Selain itu, para pelaku UMKM dan kelompok tani juga mendapat keuntungan lebih dengan kerap dilibatkan dalam setiap kegiatan pemasaran BRi, seperti bazar, pameran UKM, Pesta Rakyat dan semacamnya.

Dari seluruh UMKM di bawah naungan Desa Wisata Benteng, diakui Wahyu bahwa Murtini termasuk yang rajin dan sigap untuk turut serta dalam kegiatan-kegiatan tersebut.

"Bu Murtini orangnya cekatan. Misal kita info ada event gitu, pameran, bazar, selalu rajin ikut. Mau event dari BRI, dari Dinas (Kebudayaan dan Pariwisata Kabupaten Bogor), pasti ikut. Bahkan bila undangannya mendadak, Bu Murtini pasti usahakan untuk berpartisipasi," tutur Wahyu.

Karenanya, dari sekian banyak UMKM dan destinasi di bawah naungan Desa Wisata Benteng, Rumah Kedelai Pak Mien milik Murtini cukup menjadi favorit bagi wisatawan yang berkunjung.

Selain Rumah Kedelai Pak Mien milik Murtini, di Desa Wisata Benteng juga tersedia banyak lagi destinasi menarik, seperti kelompok tani membudidaya tanaman hidroponik, budidaya jambu kristal, budidaya dan olahan makanan berbahan dasar singkong (casava), bank sampah, sampai perajin batik ciwitan dan ecoprint.

Untuk setiap rombongan wisatawan yang datang berkunjung, pihak pengelola Desa Wisata Benteng memasang tarif Rp250 ribu untuk tiga pilihan destinasi yang dikunjungi. Atau, paket Rp300 ribu bila rombongan berminat merasakan wisata river tubing di sungai yang ada di RW 3, Desa Benteng.

Setiap bulan, Wahyu mengeklaim ada sedikitnya tiga hingga lima rombongan wisatawan yang datang berkunjung ke Desa Wisata Benteng, dengan rata-rata jumlah wisatawan minimal sekitar 10 sampai 15 orang.

Namun, dikatakan Wahyu, tak jarang juga rombongan yang datang merupakan rombongan dari perusahaan atau sekolah, sehingga wisatawan yang tercatat mencapai puluhan hingga ratusan orang.
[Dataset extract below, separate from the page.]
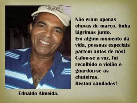 O corpo de Ednaldo Almeida está sendo velado na ‘Rosa de Saron’, o sepultamento acontecerá ás 16hs, no cemitério Santas Almas em de Santa Rita.

"Nantinya, setiap destinasi yang dikunjungi mendapatkan Rp10 ribu per wisatawan yang datang. Jadi misal satu rombongan datang 60 orang, maka UMKM yang dikunjungi dapat Rp600 ribu dari tarif desa wisata," ungkap Wahyu.

Pemasukan tersebut belum termasuk dengan keseluruhan transaksi yang dilakukan rombongan di destinasi yang dikunjungi. Dikatakan Wahyu, seluruh transaksi tersebut menjadi hak sepenuhnya dari UMKM yang dikunjungi.

"Kami sama sekali tidak pungut lagi. Dan biasanya di satu destinasi, rombongan (wisatawan) bisa belanja minimal Rp500 ribu sampai Rp1 juta. Itu full haknya UMKM yang dikunjungi," tegas Wahyu. (TSA).